OpenStack SDN - OpenDaylight With BGP VPN

For the last 5 years OpenStack has been the training ground for a lot of emerging DC SDN solutions. OpenStack integration use case was one of the most compelling and easiest to implement thanks to the limited and suboptimal implementation of the native networking stack. Today, in 2017, features like L2 population, local ARP responder, L2 gateway integration, distributed routing and service function chaining have all become available in vanilla OpenStack and don’t require a proprietary SDN controller anymore. Admittedly, some of the features are still not (and may never be) implemented in the most optimal way (e.g. DVR). This is where new opensource SDN controllers, the likes of OVN and Dragonflow, step in to provide scalable, elegant and efficient implementation of these advanced networking features. However one major feature still remains outside of the scope of a lot of these new opensource SDN projects, and that is data centre gateway (DC-GW) integration. Let me start by explain why you would need this feature in the first place.

Optimal forwarding of North-South traffic

OpenStack Neutron and VMware NSX, both being pure software solutions, rely on a special type of node to forward traffic between VMs and hosts outside of the data centre. This node acts as a L2/L3 gateway for all North-South traffic and is often implemented as either a VM or a network namespace. This kind of solution gives software developers greater independence from the underlying networking infrastructure which makes it easier for them to innovate and introduce new features.

However, from the traffic forwarding point of view, having a gateway/network node is not a good solution at all. There is no technological reason for a packet to have to go through this node when after all it ends up on a DC-GW anyway. In fact, this solution introduces additional complexity which needs to be properly managed (e.g. designed, configured and troubleshooted) and a potential bottleneck for high-throughput traffic flows.

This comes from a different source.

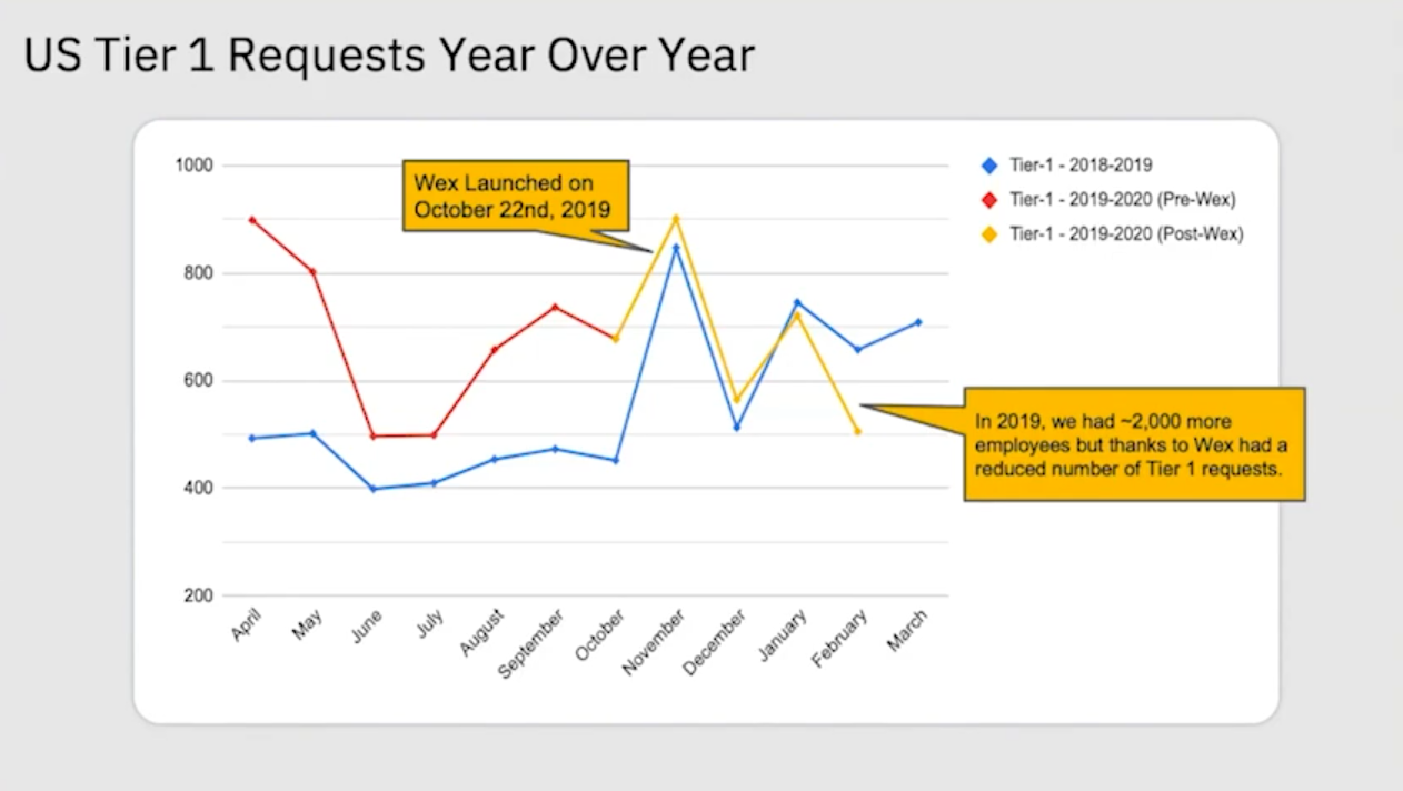 특히 그래프에서와 같이, 직원 수 대비 Tier1 지원 티켓 수는 꾸준히 감소하고 있습니다.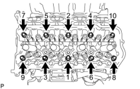CYLINDER HEAD LHUsing a 10 mm bi-hexagon wrench, install and uniformly tighten the 10 cylinder head bolts with the plate washers in several steps, in the sequence shown in the illustration.

It’s clear that the most optimal way to forward traffic is directly from a compute node to a DC-GW. The only question is how can this optimal forwarding be achieved? SDN controller needs to be able to exchange reachability information with DC-GW using a common protocol understood by most of the existing routing stacks. One such protocol, becoming very common in DC environments, is BGP, which has two address families we can potentially use:

  1. VPNv4/6 will allow routes to be exchanged and the dataplance to use MPLSoGRE encapsulation. This should be considered a “legacy” approach since for a very long time DC-GWs did not have the VXLAN ecap/decap capabilities.
  2. EVPN with VXLAN-based overlays. EVPN makes it possible to exchange both L2 and L3 information under the same AF, which means we have the flexibility of doing not only a L3 WAN integration, but also a L2 data centre interconnect with just a single protocol.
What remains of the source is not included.